I don’t have strong evidence that DNA evolution has been slowing down in bacteria. I presented both evidence and explanation why it has been slowing down in eukaryotes. That is all that matters for this post; because the point of referring to DNA evolution in this post has to do with how efficiently evolution uses information in the production of intelligence. Eukaryotes are more intelligent than bacteria.
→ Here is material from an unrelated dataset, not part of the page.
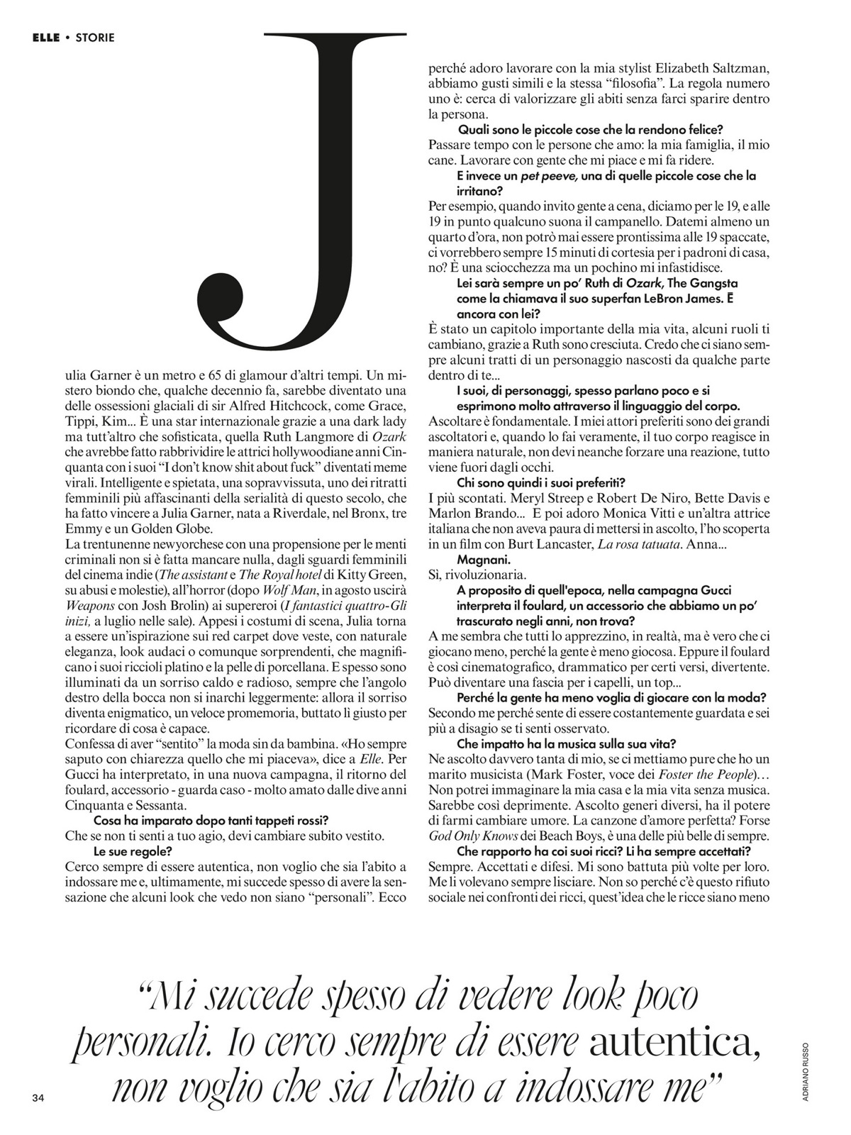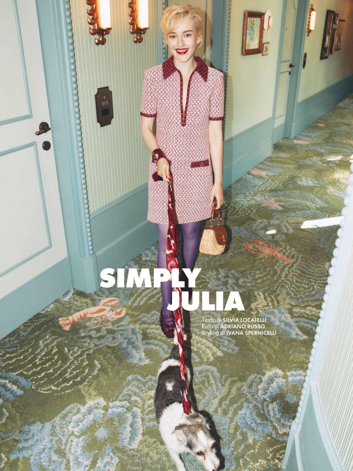 Julia Garner transforme Elle Italia en défilé de tricot glamour ! Dans un couloir, elle promène un chien avec une dégaine de star des années 70, comme si elle auditionnait pour un remake de Grease.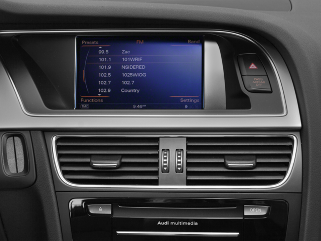 - Radio: Audi Concert System w/1CD Player -inc: MP3 capable, AM/FM radio, auxiliary input jack, SD card slot w/32GB capacity for MP3 files, speed-dependent volume control, Audi MMI radio plus system for controlling infotainment/climate/car setup w/6.5" color screen, Audi music interface w/iPod integration includes 1 cable for iPod connection, Audi 6-channel DSP extended premium sound system w/10 speakers including subwoofer, 180 watt sound system and SiriusXM satellite radio w/90-day trial subscription

So I’ve read the paper. According to it, and it seems very plausible to me, we have some reason to suspect we seriously underestimate number of SDA families, and most widely distributed SDA families are most likely to be known (those often happen to occur in multiple groups), and less widely distributed families are least likely to be known (those often happen to be one group only).
The actual percentage of shared SDA families is almost certainly lower than what we can naively estimate from current data. I don’t know how much lower. Maybe just a few percent, maybe a lot.
Not mentioned in the paper, but quite obvious is huge amount of horizontal gene transfer happening on evolutionary scales like that (especially with viruses). It also increases apparent sharing and makes them appear older than they really are.
Third effect is that SDA family that diverged long time ago might be unrecognizable as single family, and one that developed more recently is still recognizable as such. This can only increase apparent age of SDA families.
So there are at least three effects of unknown magnitude, but known direction. If any of them is strong enough, it invalidates your hypothesis. If all of them are weak, your hypothesis still relies a lot on dating of eukaryote-prokaryote split.
Imagine you have 100 related organisms in a bag with PRO written on it. You take 10 and put them in a bag with EUC written on it. Then you sequence everything—and calculate what fraction of the total number of genes are found in both bags—and you come back with 64%.
That this is less than 100% doesn’t represent the genomes in the EUC bag changing. It just means that you selected a small sample from the PRO bag. Choose 5 and the figure would have been smaller. Choose 50 and the figure would have been bigger.
At least 3.7 billion years ago, then.
I too was talking about information in DNA. The number of species influences the quantity of information present in the DNA of an ecosystem—just as rolling a dice 100 times supplies more information than rolling it once.